**EXERCISE REQUIREMENTS**
Print the data below exactly, but only the lines from the one containing "Com um design" down to the one containing "YUV 110.675,7.062,115.172 Color", inclusive.

**RECORD EXCERPTS**
▬▬▬
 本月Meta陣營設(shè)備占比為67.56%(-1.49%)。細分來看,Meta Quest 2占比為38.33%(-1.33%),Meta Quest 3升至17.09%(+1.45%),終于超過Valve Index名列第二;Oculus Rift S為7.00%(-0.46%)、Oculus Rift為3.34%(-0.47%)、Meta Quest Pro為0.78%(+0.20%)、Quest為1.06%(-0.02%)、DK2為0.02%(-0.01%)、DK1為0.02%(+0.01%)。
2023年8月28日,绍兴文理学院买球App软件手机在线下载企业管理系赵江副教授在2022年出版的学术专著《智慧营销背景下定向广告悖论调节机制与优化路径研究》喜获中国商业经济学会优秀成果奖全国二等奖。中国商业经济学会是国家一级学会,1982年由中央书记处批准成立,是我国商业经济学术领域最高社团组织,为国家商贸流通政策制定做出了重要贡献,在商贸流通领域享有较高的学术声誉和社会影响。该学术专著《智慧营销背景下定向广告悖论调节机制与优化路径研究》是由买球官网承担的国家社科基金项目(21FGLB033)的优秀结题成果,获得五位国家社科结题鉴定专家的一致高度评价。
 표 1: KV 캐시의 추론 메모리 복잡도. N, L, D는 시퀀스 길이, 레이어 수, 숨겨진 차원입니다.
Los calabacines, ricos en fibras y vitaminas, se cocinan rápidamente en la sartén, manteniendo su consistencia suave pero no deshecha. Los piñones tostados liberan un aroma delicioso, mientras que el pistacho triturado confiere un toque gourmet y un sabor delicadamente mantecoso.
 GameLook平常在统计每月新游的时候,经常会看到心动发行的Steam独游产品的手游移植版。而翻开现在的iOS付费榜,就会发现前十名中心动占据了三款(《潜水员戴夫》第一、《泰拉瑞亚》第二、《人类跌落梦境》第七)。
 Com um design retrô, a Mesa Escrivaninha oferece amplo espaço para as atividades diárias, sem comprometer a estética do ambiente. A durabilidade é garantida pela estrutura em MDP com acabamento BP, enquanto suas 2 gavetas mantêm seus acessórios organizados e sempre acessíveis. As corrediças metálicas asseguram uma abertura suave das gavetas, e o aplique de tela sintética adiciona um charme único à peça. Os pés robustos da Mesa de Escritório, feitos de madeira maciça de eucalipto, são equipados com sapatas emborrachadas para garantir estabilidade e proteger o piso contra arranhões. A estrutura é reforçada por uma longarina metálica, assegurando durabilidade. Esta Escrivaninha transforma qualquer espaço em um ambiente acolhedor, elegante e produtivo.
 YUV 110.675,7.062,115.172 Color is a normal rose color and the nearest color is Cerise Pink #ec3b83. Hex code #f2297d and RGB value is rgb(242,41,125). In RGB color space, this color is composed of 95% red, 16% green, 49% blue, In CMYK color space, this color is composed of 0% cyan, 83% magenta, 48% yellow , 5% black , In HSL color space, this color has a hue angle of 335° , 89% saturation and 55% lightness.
▬▬▬
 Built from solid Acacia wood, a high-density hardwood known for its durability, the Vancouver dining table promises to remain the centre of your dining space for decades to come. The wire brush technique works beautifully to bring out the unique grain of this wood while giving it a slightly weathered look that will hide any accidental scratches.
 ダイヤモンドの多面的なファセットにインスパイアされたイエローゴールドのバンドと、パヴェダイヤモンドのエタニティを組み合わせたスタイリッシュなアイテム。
▬▬▬
**RESULT OF THIS EXERCISE**
 Com um design retrô, a Mesa Escrivaninha oferece amplo espaço para as atividades diárias, sem comprometer a estética do ambiente. A durabilidade é garantida pela estrutura em MDP com acabamento BP, enquanto suas 2 gavetas mantêm seus acessórios organizados e sempre acessíveis. As corrediças metálicas asseguram uma abertura suave das gavetas, e o aplique de tela sintética adiciona um charme único à peça. Os pés robustos da Mesa de Escritório, feitos de madeira maciça de eucalipto, são equipados com sapatas emborrachadas para garantir estabilidade e proteger o piso contra arranhões. A estrutura é reforçada por uma longarina metálica, assegurando durabilidade. Esta Escrivaninha transforma qualquer espaço em um ambiente acolhedor, elegante e produtivo.
 YUV 110.675,7.062,115.172 Color is a normal rose color and the nearest color is Cerise Pink #ec3b83. Hex code #f2297d and RGB value is rgb(242,41,125). In RGB color space, this color is composed of 95% red, 16% green, 49% blue, In CMYK color space, this color is composed of 0% cyan, 83% magenta, 48% yellow , 5% black , In HSL color space, this color has a hue angle of 335° , 89% saturation and 55% lightness.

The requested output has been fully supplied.